I am having trouble with an ebay seller and need some advice. I won a book back on Jan. 20th. When I didn't receive it by yesterday I contacted the seller through Ebay to see if she could provide a tracking number which she did as she said that according to the tracking number the book was supposed to have been delivered to my house the day before yesterday. I gave the tracking number to my post office and they said that the package was indeed marked delivered- to NEW JERSEY! I live in Minnesota! So I contacted the seller by phone and she said that she must have given me the wrong tracking number and she would send the right one to me when she was able to.
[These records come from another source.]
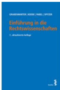
Einführung in die Rechtswissenschaften
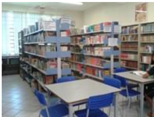
Figura 23 – Acervo e mesas de estudo
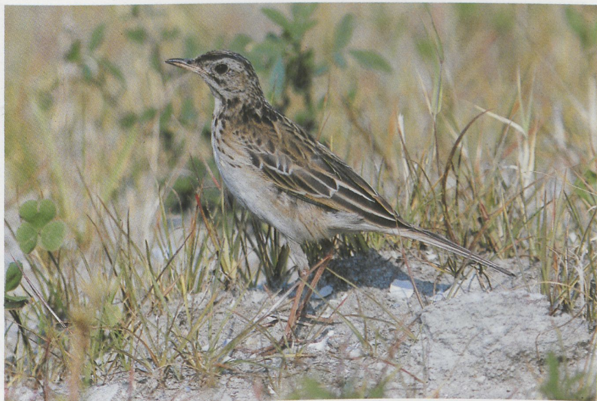
29 Grote Pieper Anthus richardi , Maasvlakte, Zuidholland, oktober 1987 30 Siberische Boompieper Anthus hodgsoni , Texel, Noordholland, oktober 1987
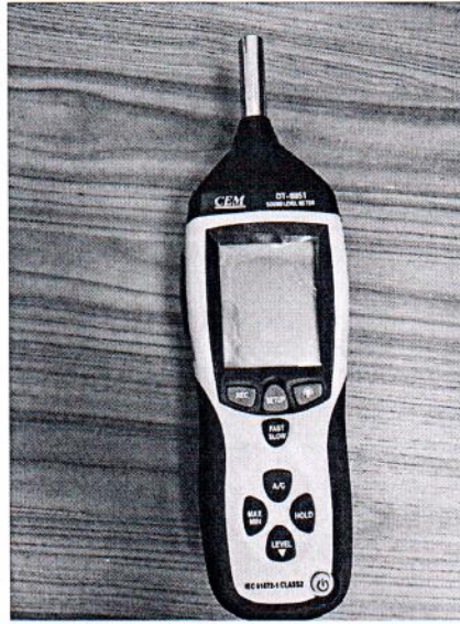
Рисунок 1.1 – Фотография общего вида измерителя уровня звука DT- 8851 № 12044609
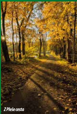
Z Pleše cesta
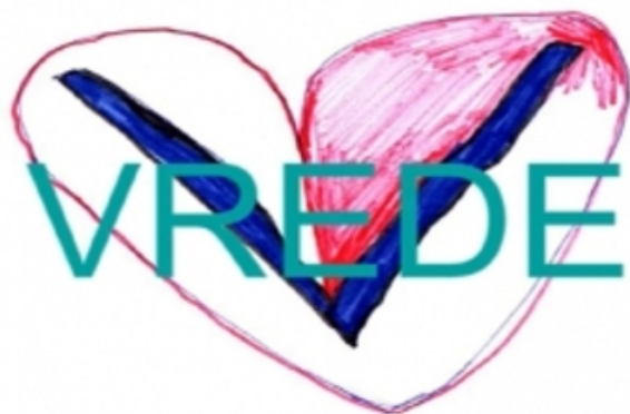
www.vredevanhetkind.nl, 2016 Gemengd, film
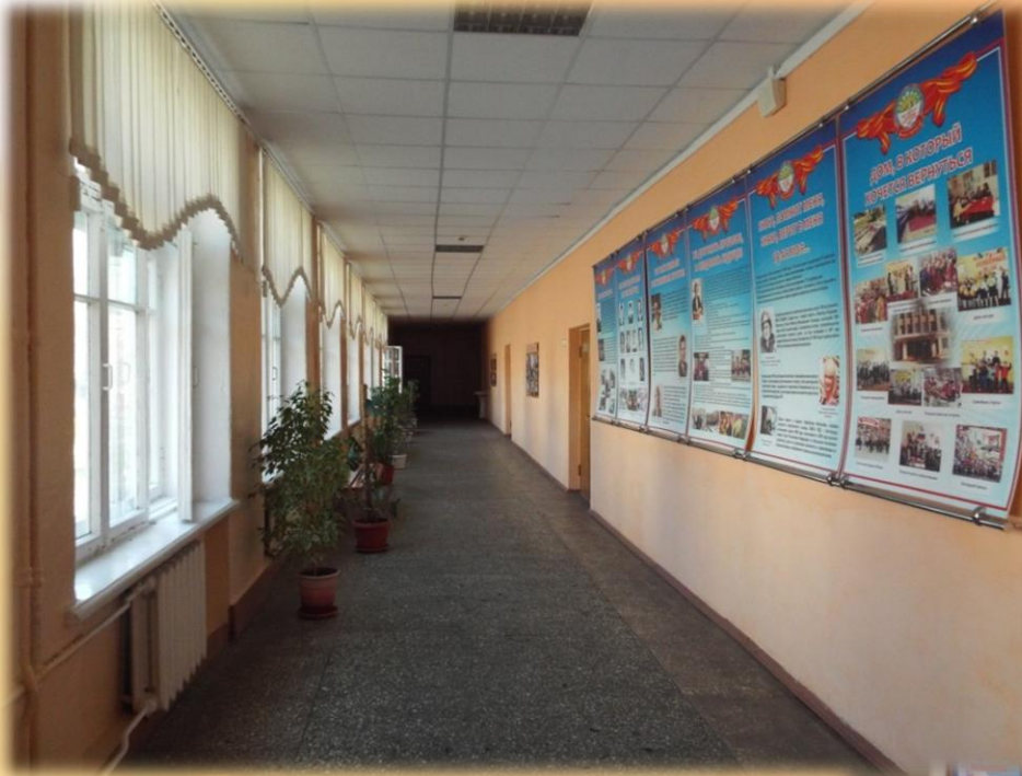
Коридор 2-го этажа
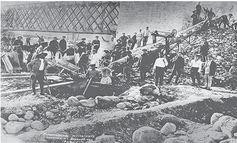
Строительство моста через реку Нальчик к селению Вольный Аул. 1933 г.
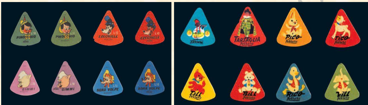
Le figurine attaccate all'esterno della stagnola sui cioccolati "lupetto"

Il lupetto era un 'triangolo' di cioccolato con amalgama di nocciole tritate, rivestito con carta stagnola dorata (pareva un formaggin) e aveva l'immagine, sempre triangolare di personaggi della Disney ed altri tipici cartoni, incollata sull'esterno di ogni singola confezione. Una vera squisitezza, il tipico sapore fu riportato poi nella nota "moderna" Nutella , ma senza i piccoli 'granelli' delle nocciole.
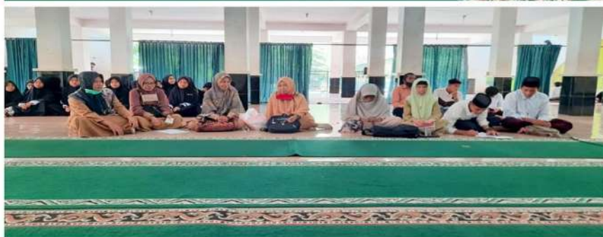
Pembinaan Tilawah Qori' dan Qori'ah Lembaga Pengembangan Tilawatil Qur'an Kota Bima, Wawancara, Mpunda Kota Bima, 14 November 2022
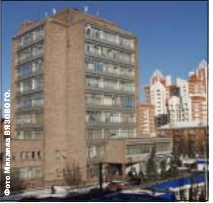
НИИСвязи — главный в «Созвездии».
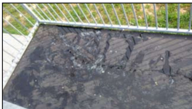
Nieco wcześniej w Żarowie młodzi ludzie malowali sprayem elewacje nowych budynków. Teraz zniszczenia odnotowano na żarowskim skateparku. Czy jest jakiś sposób na zahamowanie tak chuligańskiej działalności?
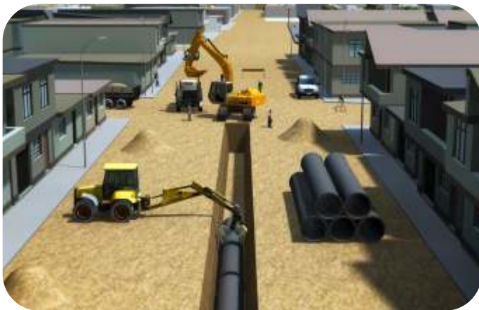
INSTALACION DE TUBERIAS HDPE
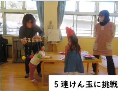
5連けん玉に挑戦! 大人も子どももがんばれ!
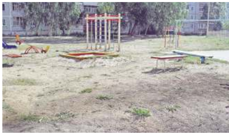
Состояние двора до благоустройства
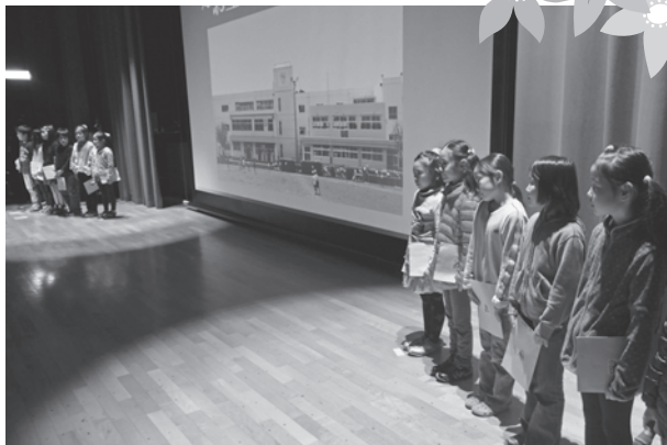
中伊豆小学校 3年生
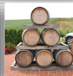
Foto: Sărbătoare UVT70 la Cramele Recaș
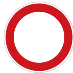
No entry for vehicles (both directions) 禁止進入(雙向)
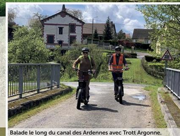
Balade le long du canal des Ardennes avec Trott Argonne.

A mi-chemin entre Reims et Charleville-Mézière, Rethel est le point de départ de notre balade. La ville, qui a subi les affres de la Révolution française et des conflits mondiaux (incendie durant les deux dernières guerres, elle fut détruite à 80 %), est aujourd'hui une petite commune moderne et dynamique qui borde l'Aisne et le canal des Ardennes. De la vieille ville, reste toutefois l'église Saint-Nicolas
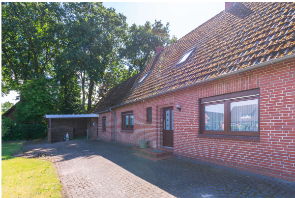
Blick auf den Hauseingang
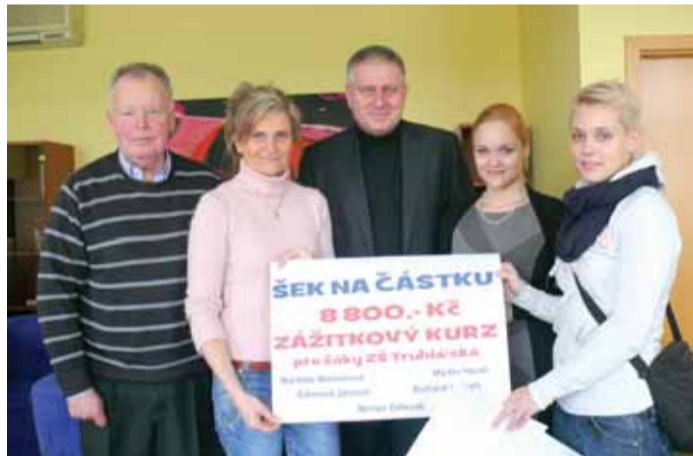
ZŠ Truhlářská převzala od pěti krajských zastupitelů šek na částku, která dětem zaplatí cestu za zážitkovým kurzem.

Celkem dvaadvacet žáků ZŠ Truhlářská Karlovy Vary pojedou na pětidenní zážitkový kurz v rámci vzdělávacího projektu občanského sdružení Prázdninová škola Lipnice.
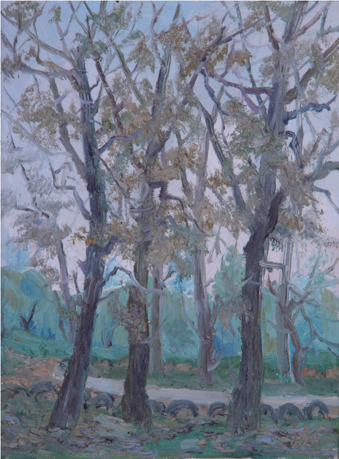
舞蹈 50cm×60cm 2014年
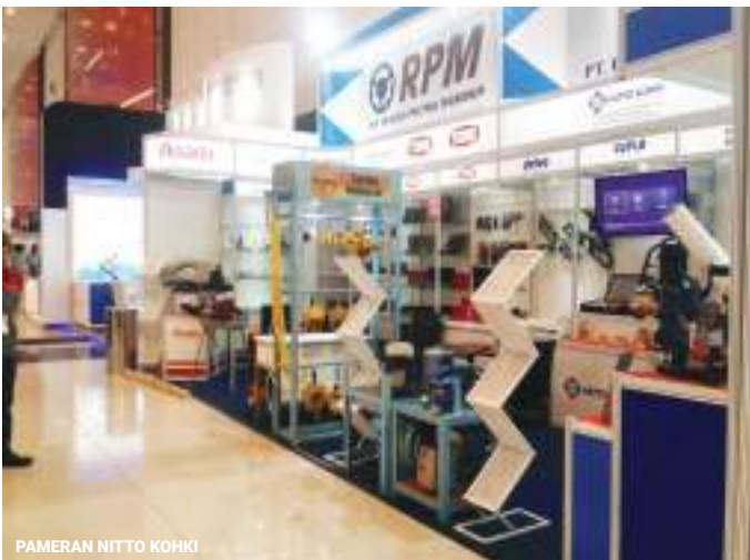
PAMERAN NITTO KOHKI
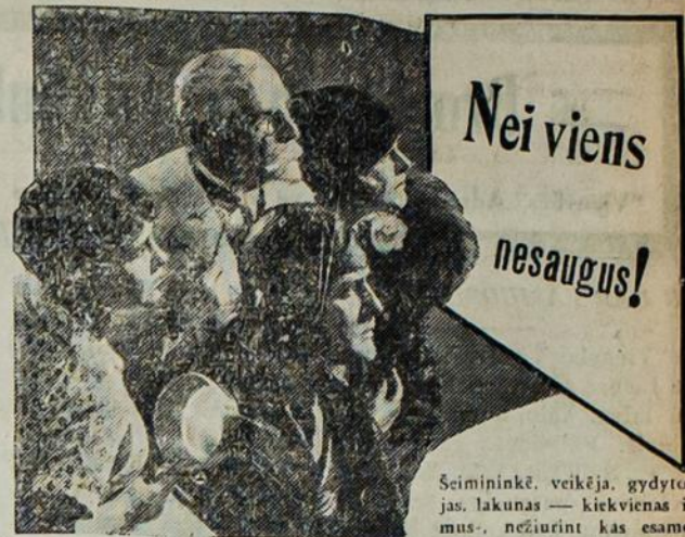
Scimininkė, veiktėja, gydytoja, lakunas — kiekvienas iš mus, nežinint kas esame, galime nejučiomis nuškalsti.
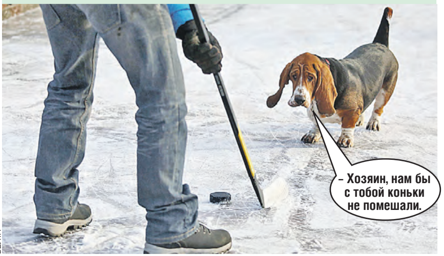
– Хозяин, нам бы с тобой коньки не помешали.
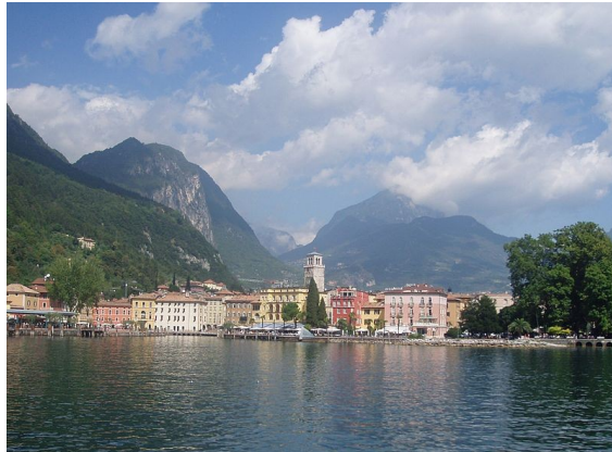
Riva del Garda
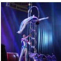
Anhui Acrobatic Troupe (China) Equilibrio de bancos / Saltadores de aros

I got a private email from her last night that said that she tracked the package with the supposedly new tracking number and the book was now delivered to HAWAII! Did I mention that I live in MINNESOTA?? She refused to refund my postage as she now claims that it is not her fault that the book is off somewhere on the planet (if she ever even mailed it). 
I had replied to the private email that she sent me in her email to me and told her that I think that since she doesn't know where she mailed the book to that it is not lost in the mail due to postal errors, it is because she failed to mail it to the correct address and I don't feel that I should have to pay for this. I filed a dispute with Paypal and she put her two cents in and then today I get a nasty email from her private email address in which she told me that if I reply to that email she will report me to Ebay, the authorities and the police! Clearly I am dealing with a nut case. 
As I paid for the item with Paypal Ebay directed the dispute directly to them. Now I am ticked as she is making threats and refuses to refund any portion of my purchase. 
So, does anyone have any advice to give me? Should I just wait to see what Paypal does as they are reviewing the dispute?
Thanks for any input on this. I have bought and sold numerous items on Ebay and this is the first time I have ever run across anything like this.


----------



## Nomad (Dec 19, 2002)

Based on my experience, as long as you have presented your case to Pay Pal, they will refund your money. I had a thief...I mean buyer receive a package of makeup containing 100 pieces. She filed a claim with Pay Pal saying she only received 50 pieces and wanted her money back. I had proof right on my receipt showing the weight of the box when it was sent. What she did was steal the best pieces and then said she never got them. I told her to file an insurance claim with the post office, but she refused. That was all I needed to let me know she was a liar. I got a call from a detective down there during our Pay Pal case. Evidently she called the police when I refused to give her money back. After I explanied what I believed happened he said he had thought there was something fishy about the woman. Don't let the seller scare you with any threats. She is the one who should be reported to Ebay. They don't tolerate threats. And you are the injured party. A mail fraud case isn't out of the question either. That person needs to be taught a lesson. In my case Pay Pal refunded the money over my strenuous objections and even though I could show I sent the items. She sent back the 50 items and got to keep the 50 she took plus get her full refund. Pretty sweet deal for her. That was almost two years ago and she hasn't bought anything else on Ebay, so maybe she decided not to try it again on anyone else. I think you can be pretty certain you will receive your refund. I wouldn't have any further communication with the person, but I would make Ebay aware of any threats and problems. Make sure you have the whole e-mail along with the header information showing who it came from. It's people like that who ruin it for everyone. I would wait to get my refund before giving negative feedback. The seller can't retaliate because they've taken away the ability for sellers to give buyer a negative. I'd be interested in knowing how it all turns out. Good luck.

Nomad


----------



## paintlady (May 10, 2007)

Thanks. I googled the last part of her email address and found that it is from someone who works at a bank. She was sending me the emails from her work computer which may be why she was so hostile- but she is the one who emailed me with that address. I don't know how to report her emails to Paypal as there is no place for me to add discussion to the dispute. I believe that the case should be settled in 10 days so maybe I should just wait until that time is up and see if I get a refund. In her words though since I replied to her email at her work address which is where she sent it from now she is ticked and says she isn't going to refund any of my money. 
I have never left any negative feedback for anyone in all of my sales and purchases on Ebay. I really hate to do that and it will be a last resort if I don't get my refund. You would think that if the PO is telling her that the package was delivered to Hawaii that they would have an address or post office where it was delivered to so she could track it down and request the book be returned to her- if in fact she even mailed it.


----------



## cantcutter (Oct 14, 2008)

If you used a credit card you can cancel the payment. I have had people do this to me through paypal, that is why a lot of sellers will not accept credit card payments. people are crazy...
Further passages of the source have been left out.